• [Your instructions]: What you give back should be exactly the lines from the one with "This document compares" through the end of the data, without the pictures.

• [Exercise data]:
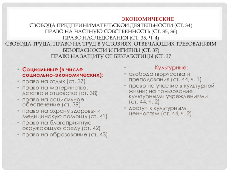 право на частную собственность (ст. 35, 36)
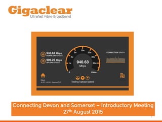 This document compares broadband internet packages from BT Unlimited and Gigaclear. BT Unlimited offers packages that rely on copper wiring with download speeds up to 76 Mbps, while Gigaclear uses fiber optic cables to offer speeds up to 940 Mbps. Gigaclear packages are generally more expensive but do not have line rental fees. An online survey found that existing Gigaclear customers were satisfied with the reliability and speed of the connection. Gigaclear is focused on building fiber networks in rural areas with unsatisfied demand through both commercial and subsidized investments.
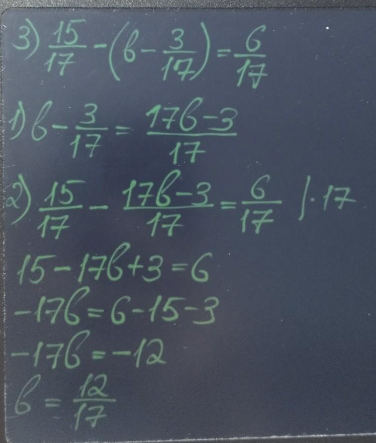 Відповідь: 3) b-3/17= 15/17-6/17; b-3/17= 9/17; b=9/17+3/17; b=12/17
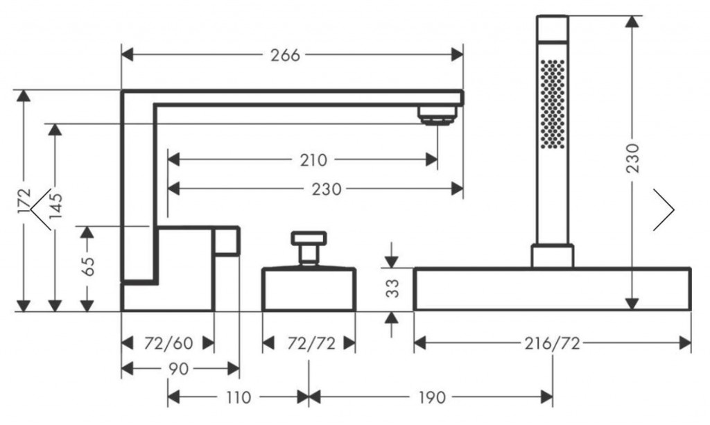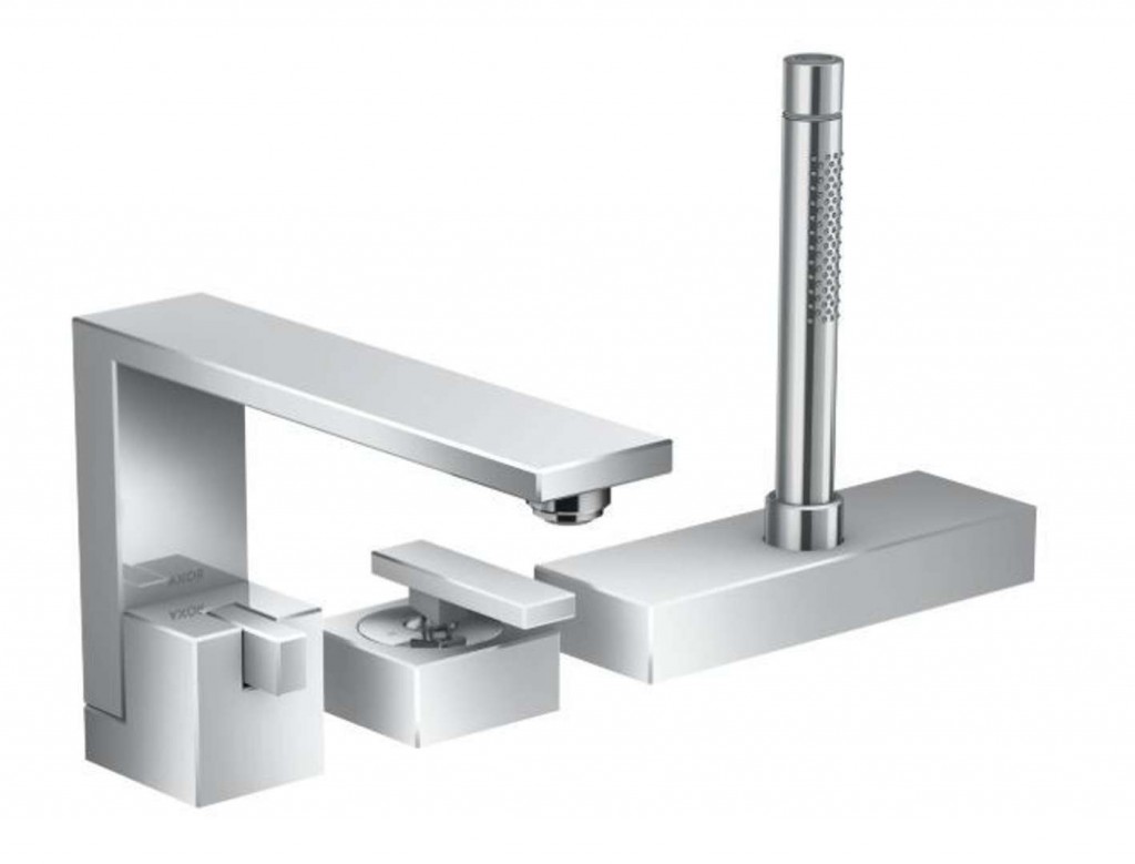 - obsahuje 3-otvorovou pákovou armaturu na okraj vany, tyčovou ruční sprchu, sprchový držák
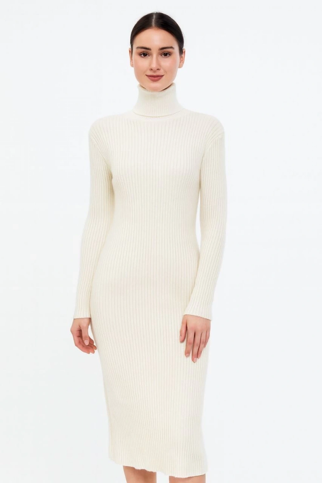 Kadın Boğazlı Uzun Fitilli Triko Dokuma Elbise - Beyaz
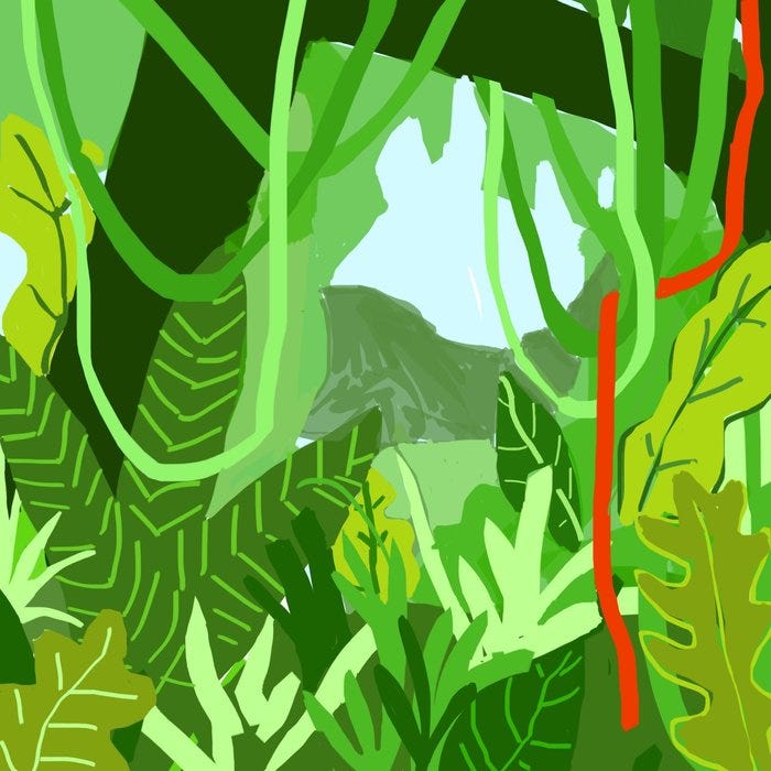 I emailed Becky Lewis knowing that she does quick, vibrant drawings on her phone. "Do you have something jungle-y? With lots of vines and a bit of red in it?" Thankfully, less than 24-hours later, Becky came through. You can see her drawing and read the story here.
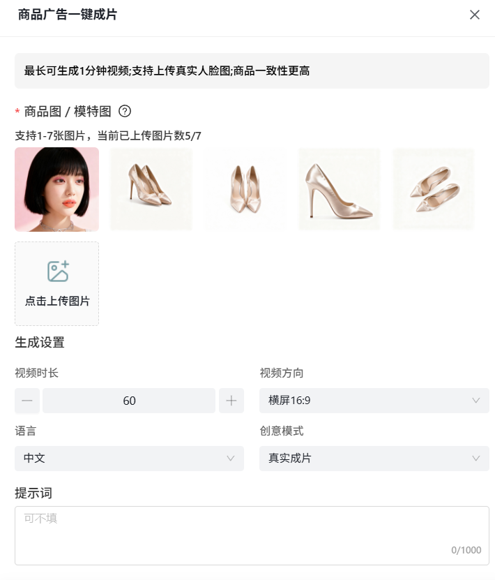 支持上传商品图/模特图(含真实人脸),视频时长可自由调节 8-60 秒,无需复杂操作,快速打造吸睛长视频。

• [Task solution]:
 This document compares broadband internet packages from BT Unlimited and Gigaclear. BT Unlimited offers packages that rely on copper wiring with download speeds up to 76 Mbps, while Gigaclear uses fiber optic cables to offer speeds up to 940 Mbps. Gigaclear packages are generally more expensive but do not have line rental fees. An online survey found that existing Gigaclear customers were satisfied with the reliability and speed of the connection. Gigaclear is focused on building fiber networks in rural areas with unsatisfied demand through both commercial and subsidized investments.
 Відповідь: 3) b-3/17= 15/17-6/17; b-3/17= 9/17; b=9/17+3/17; b=12/17
 - obsahuje 3-otvorovou pákovou armaturu na okraj vany, tyčovou ruční sprchu, sprchový držák
 Kadın Boğazlı Uzun Fitilli Triko Dokuma Elbise - Beyaz
 I emailed Becky Lewis knowing that she does quick, vibrant drawings on her phone. "Do you have something jungle-y? With lots of vines and a bit of red in it?" Thankfully, less than 24-hours later, Becky came through. You can see her drawing and read the story here.
 支持上传商品图/模特图(含真实人脸),视频时长可自由调节 8-60 秒,无需复杂操作,快速打造吸睛长视频。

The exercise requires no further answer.